The tax screw is being tightened even harder. From now on, salmon farming will primarily strengthen the state’s finances

by
Aslak Berge

Those who hoped for a life jacket from the state budget were thrown a new lead lot.

The Støre government is historic. It will go down in the history books as the government that punished the Norwegian fish farming industry the hardest in purely fiscal terms. No one else is around.

The message from the proposed state budget for 2023 is clear: Now the state will skim the cream of salmon farming. Lifting capital from private pockets and over to the public sector. Private ownership will be reduced in a way that resembles a partial nationalization – in the same way as in power and oil.

From now on, it is not innovation, development and growth that apply. From now on, salmon farming will primarily strengthen the state’s finances.

Promises
On Thursday morning, Centre Party leader and Finance Minister Trygve Slagsvold Vedum presented a state budget that oozes tax increases. To a government money bin overflowing with energy revenues.

The resource rent tax is well known.
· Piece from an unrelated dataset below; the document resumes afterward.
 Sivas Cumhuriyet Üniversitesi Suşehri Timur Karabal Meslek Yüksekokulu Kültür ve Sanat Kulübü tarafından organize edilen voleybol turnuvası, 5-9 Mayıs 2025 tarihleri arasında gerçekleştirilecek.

But it does not stop there.

Commentary: Aslak Berge

The government will raise the wealth tax from 0.95 to one percent. From this year, wealth tax was raised from 0.85 to 0.95 percent for assets under NOK 20 million (€1.9 million). For assets over NOK 20 million, the wealth tax was raised to 1.1 percent.
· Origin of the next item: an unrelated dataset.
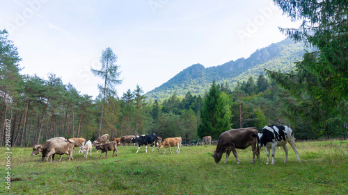 Cows of Brown Swiss Braunvieh and Holstein breeds nibble on grass of the flowering meadows of coniferous forests in the Alps mountains in Italy on a bright summer day.

The special Norwegian wealth tax is independent of earnings. And it has become particularly demanding for small and medium-sized fish farmers, as the value basis for licenses is simultaneously raised significantly – to market value.

However, the market value for licenses is currently extremely fluid after the same government last week proposed a 40 percent resource rent tax on aquaculture. A clue can nevertheless be the minimum prices for the upcoming auction of new licences. These were halved, to around NOK 100,000 (€10,000) per tonne, two days ago.
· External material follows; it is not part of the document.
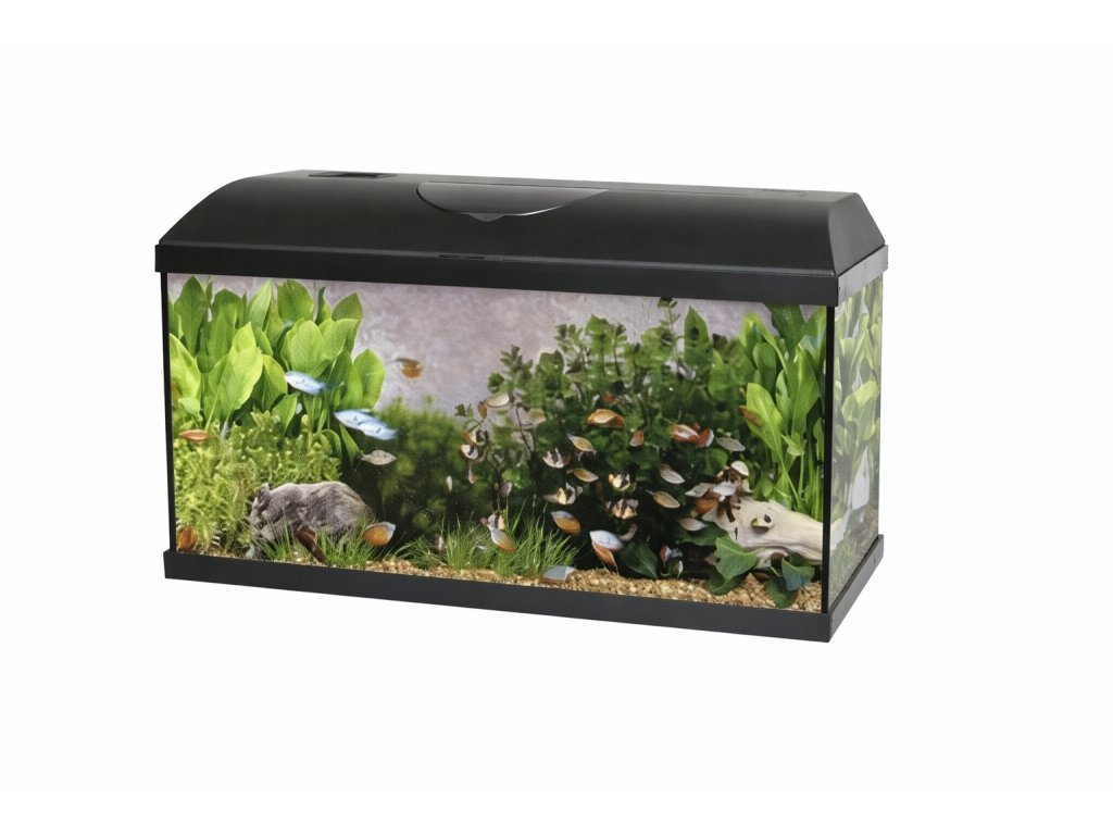 Set je opatřen plastovým krytem, který má ve vrchní části otevíratelnou klapnu k pohodlnému krmení rybiček. Horní hrany akvária jsou krytem chráněny proti poškození.

In any case, for most business players of a certain size, the wealth tax must be covered by taking dividends, or draining the companies they are shareholders in. From now on, they must take out even larger dividends for this, as the dividend tax is now increased from 35.2 to 37.8 percent. This is money of which the company has already taxed 22 percent. The government will increase dividend tax from today.

Not enough
This proposal has been presented before the government enters into budget negotiations with the support party SV (Socialist Party).

SV leader Audun Lysbakken has already come out and said, predictably enough, that the state budget is “not fair enough and not green enough “. Lysbakken demands stronger redistribution to the poor and a better climate policy before budget negotiations with the government.

When SV talks about “stronger redistribution”, it usually means increased taxes. The question is where it should be taken from. Lysbakken hints at increased oil tax. For hard-pressed fish farmers, one can keep one’s fingers crossed that the government’s budget partner will not bleed out the coastal businesses further.

Not for the sake of the fish farmers’ cash reserves and pockets. A reduction in the fish farming companies’ results, combined with an increased need for dividends, primarily means smaller investment budgets. Smaller investment budgets mean fewer new work boats, wellboats, cages, gutting machines, underwater cameras, feeding systems and nets.

This in turn means less activity and fewer jobs in the supplier industry. And it is in the supplier industry that most of the jobs in Norwegian aquaculture are located.